Dann überflutete sie schlagartig die Erinnerung an die vergangene Nacht. Langsam drehte sie sich auf die Seite, um den neben ihr liegenden Mann nicht zu wecken, der noch tief und fest zu schlafen schien.
Im Schlaf wirkten seine Gesichtszüge entspannt und auf seltsame Weise verjüngt.
Hermine betrachtete ihn eine Weile liebevoll und lauschte seinen ruhigen, regelmäßigen Atemzügen.
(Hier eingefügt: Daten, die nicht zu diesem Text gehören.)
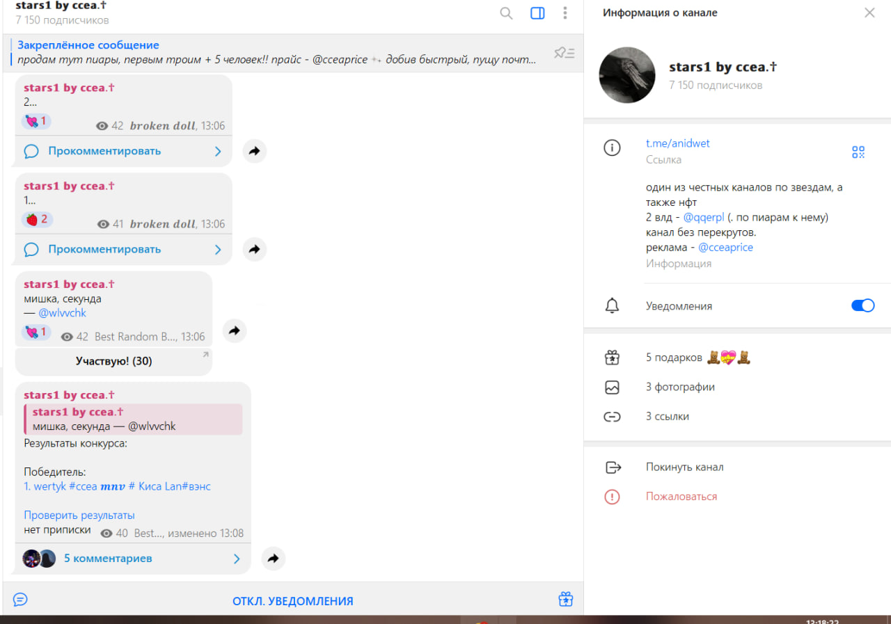 обнаружила скам тгк по звездам. якобы пишешь первым под пост, и тебе скидывают мишку или сердечко за 15 зв. отписать надо за 1 мин. приз не выдают уже 3ий день. владелец просто читает чат и не отвечает.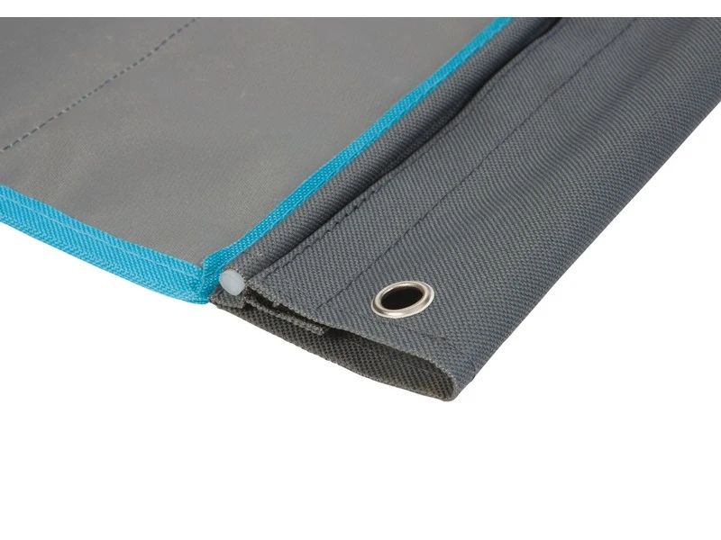 Een zeer sterk 6-vaks organizer. Beschikt over 2 ruime en extra verstevigde vakken en 4 kleinere vakken. Gemaakt van een hoge kwaliteit Two-Tone 600D Oxford Polyester. Eenvoudig en op diverse manieren te bevestigen. Zo kan dit tentschort met de pees worden opgehangen aan een caravanrails, met het klittenband aan een tentstok of met de zeilogen aan haken. De lussen onderaan zorgen voor extra fixatie.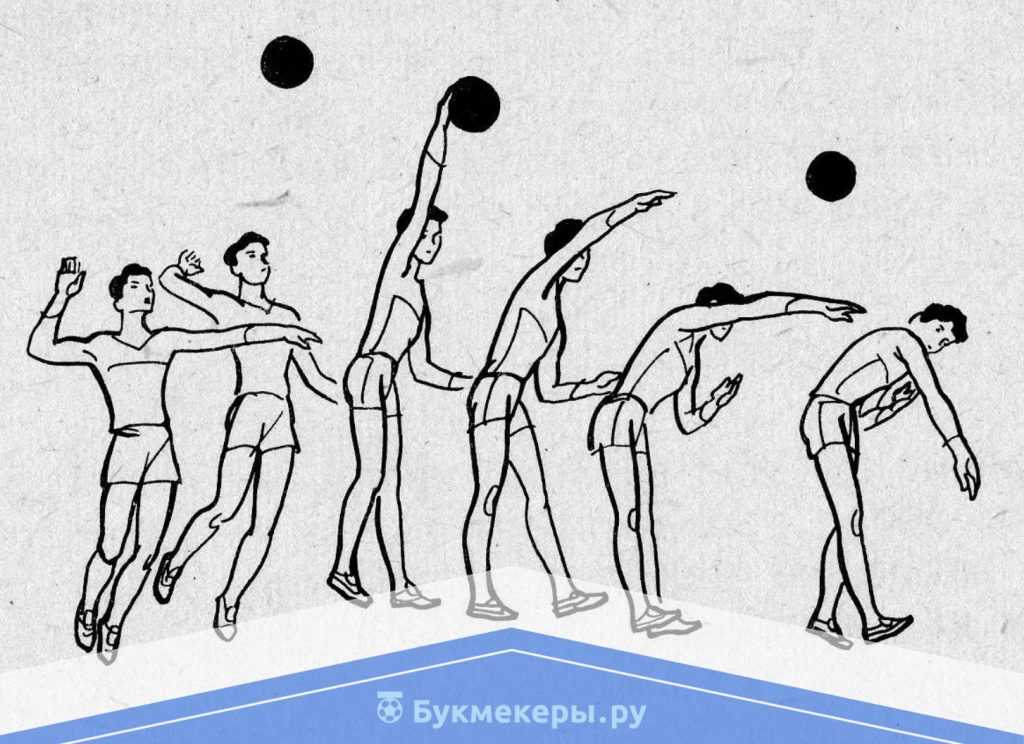 - Взлет – пас напарнику, который в это время уже подпрыгнул и занес руку для удара;

Sie war gestern Nacht, nachdem sie sich das zweite mal leidenschaftlich geliebt hatten – er hatte nach Hermines furiosem Auftakt, kurz vor dem Point-of-no-return, doch wieder die Führung an sich gerissen, was sie ihm aber nicht wirklich übel genommen hatte – erschöpft aber glücklich in seinen Armen eingeschlafen, und hatte nur noch mitbekommen, dass irgendwann fürsorglich eine Decke über sie gelegt wurde.
Sie war sehr gerührt, dass er sie nicht aufgefordert hatte, in ihre eigenen Räume zurückzukehren.
Die Tatsache, dass sie hier neben ihm geschlafen hatte, verstärkte noch das Gefühl der Intimität, das sie aufgrund der vergangenen Liebesnacht mit ihm empfand.
Vorsichtig rutsche sie bis zur Bettkante, und schlich leise aus dem Schlafzimmer.
Auf dem Sofa im Wohnraum lagen einträchtig aneinandergekuschelt Hermine, die Katze, und Sevi, der Hund, und blinzelten Hermine beim Betreten des Zimmers verschlafen an.
„Guten Morgen, ihr beiden – und danke, wegen gestern", flüsterte Hermine. „Ihr müsst zwei verzauberte Engel sein."
Als sie das Badezimmer betrat, befiel Hermine ein kurzer Anflug von schlechtem Gewissen, da sie ohne Severus´ Wissen, in einen sehr privaten Bereich von ihm eindrang, aber schließlich hatte sie gewisse unaufschiebbare Bedürfnisse und auch der Wunsch nach einer warmen Dusche wurde langsam übermächtig.
Kurze Zeit später trat sie tropfend und zufrieden aus der dampfenden Duschkabine und wickelte sich in ein großes, weißes Badetuch, das sie vorgefunden hatte.
Neugierig sah sie sich um, und inspizierte die spärlichen Utensilien, die hier und da herumstanden. Lächelnd, und mit einiger Genugtuung bemerkte sie, dass auch einige der Sachen darunter waren, die sie ihm vor einigen Wochen zur Überprüfung mitgegeben hatte.
Nachdem sie ihre Haare notdürftig trockengerubbelt hatte, und auch mit ihrer sonstigen Pflege fertig war – sie hatte sich die dazu nötigen Dinge rasch herbeigezaubert – kehrte sie, immer noch in das Handtuch gewickelt, ins Schlafzimmer zurück.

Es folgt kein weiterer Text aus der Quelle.